15 июля 2016, 06:00
3 4687
0
0

Александр Кислов: «У меня не было к Бочкареву ни злости, ни ненависти»

Александр Кислов: «У меня не было к Бочкареву ни злости, ни ненависти»

«Первый пензенский портал» поговорил с Александром Кисловым о демократии, встречах с Ельциным, наследии Бочкарева, компромиссах и о том, почему пензенская журналистика производит удручающее впечатление.

Выход книги «Дураки и хлеборезы» Александра Кислова – известного журналиста, политика и одного из главных оппонентов (если не сказать жестче) Василия Бочкарева – со всей ответственностью можно назвать одним из самых значимых литературных событий в регионе. Беллетрезированные мемуары, посвященные 25-летию августовских событий 1991 года и вышедшие – так получилось – за месяц до смерти Бочкарева – это личный, во многом пристрастный взгляд на девяностые и двухтысячные, особенно ценный тем, что это взгляд изнутри.

– Мне показалось, что «Дураки и хлеборезы» более всего – про крах надежд, появившихся в августе 1991-го. Почему сейчас, по прошествии 25 лет, вам было важно зафиксировать это поражение?

– Я бы не сказал, что это крушение надежд. В моей жизни это был, может быть, самый насыщенный, самый яркий и драматический этап.
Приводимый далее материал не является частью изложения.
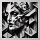 Black and white art of a woman with a geometric pattern, in the style of fragmented portraiture, 3D, bold graphic illustrations, strong diagonals.
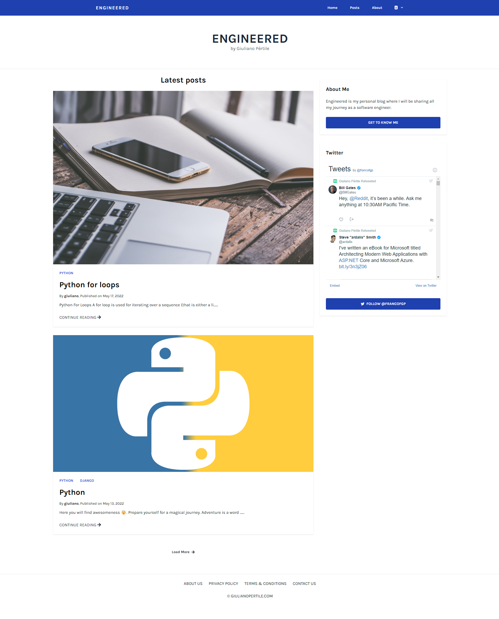 Engineered is my personal blog made with Django, where I will be sharing my journey as a software engineer.
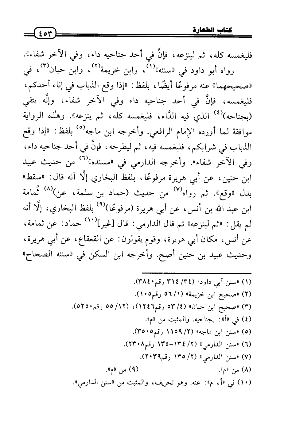 رَوَاهُ أَبُو دَاوُد فِي «سنَنه» ، وَابْن خُزَيْمَة، وَابْن حبَان، فِي «صَحِيحهمَا» عَنهُ مَرْفُوعا أَيْضا، بِلَفْظ: «إِذا وَقع الذُّبَاب فِي إِنَاء أحدكُم، فليغمسه، فإنَّ فِي أحد جناحيه دَاء وَفِي الآخر شِفَاء، وإنَّه يَتَّقِي (بجناحه) الَّذِي فِيهِ الدَّاء، فليغمسه كُله، ثمَّ يَنْزعهُ» . وَهَذِه الرِّوَايَة مُوَافقَة لما أوردهُ الإِمام الرَّافِعِيّ. وَأخرجه ابْن مَاجَه بِلَفْظ: «إِذا وَقع الذُّبَاب فِي شرابكم، فليغمسه فِيهِ، ثمَّ ليطرحه، فإنَّ فِي أحد جناحيه دَاء، وَفِي الآخر شِفَاء» . وَأخرجه الدَّارمِيّ فِي «مُسْنده» من حَدِيث عبيد بن حنين، عَن أبي هُرَيْرَة مَرْفُوعا، بِلَفْظ البُخَارِيّ إلاَّ أَنه قَالَ: «سقط» بدل «وَقع» . ثمَّ رَوَاهُ من حَدِيث (حَمَّاد بن سَلمَة، عَن) ثُمامة بن عبد الله بن أنس، عَن أبي هُرَيْرَة (مَرْفُوعا) بِلَفْظ البُخَارِيّ، إلاَّ أَنه لم يقل: «ثمَّ لينزعه» ثمَّ قَالَ الدَّارمِيّ: قَالَ [غير] حَمَّاد: عَن ثُمَامَة، عَن أنس، مَكَان أبي هُرَيْرَة، وَقوم يَقُولُونَ: عَن الْقَعْقَاع، عَن أبي هُرَيْرَة، وَحَدِيث عبيد بن حنين أصح. وَأخرجه ابْن السكن فِي «سنَنه الصِّحَاح»
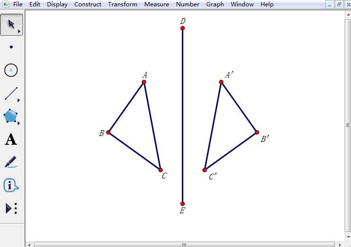 2、选中线段DE,执行“变换”——“标记镜面”命令;然后选中△ABC,执行“变换”——“反射”命令就得到了△A’B’C’。
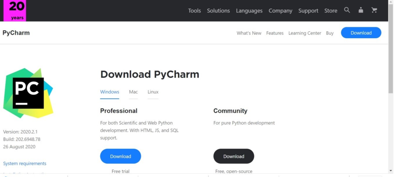 https://www.jetbrains.com/pycharm/download/#section=windows

Это было время, которое ознаменовалось движениями мысли и духа, какой-то эйфоричностью. Ну и разочарованиями, и бедами, и проблемами. В эти годы, я полагаю, была настоящая жизнь.

Что же касается тезиса о разочарованиях: как сказал один великий, крушения и разочарования – это преддверие новых очарований, нового цикла подъема. Безусловно, в книге есть печаль, есть грусть, но жизнь продолжается, и когда я смотрю на вас, молодых, когда общаюсь со своими внуками, то у меня растет уверенность в том, что далеко не все потеряно, и тот сложный этап, который мы пережили, все равно ведет к прогрессу.

– Действие в книге начинается с вашего интервью с председателем Верховного Совета РСФСР Русланом Хасбулатовым в феврале 1991 года. При этом за скобками осталась эпоха перестройки. Рождала ли она у вас ощущение, что вот, наконец-то открываются новые горизонты?


– Да, конечно. Как у всякого здравомыслящего человека, приход Горбачева рождал море надежд. Помню, я работал тогда в «Пензенской Правде» завотделом пропаганды. А завотделами, члены редколлегии имели такую привилегию – писать передовицы, за них платили хорошо. И доходило до абсурда: передовицу нужно было начинать с цитаты из Брежнева, в середине должна быть цитата и еще одна – в конце. Причем, мы не затрудняли себя и даже не заглядывали в речи Леонида Ильича, а просто выдумывали: «Надо вести экономику к прогрессу» и так далее.

Мы критично относились к засилью в партии косных людей, нам многое очень не нравилось. Мы ощущали, что жизнь проходит, а перемен все нет, и вот – пришел Горбачев. Я помню его речь на январском пленуме 1987 года. У нас была тогда обязательная диспансеризация в 4-й больнице, и вот я ждал там своей очереди, сидел с газетой, читал его речь и подчеркивал, подчеркивал. Это был не просто глоток, это был огромный поток свежего воздуха. А потом пришел Ельцин.

– Тогда уже было предчувствие, чем все в итоге закончится?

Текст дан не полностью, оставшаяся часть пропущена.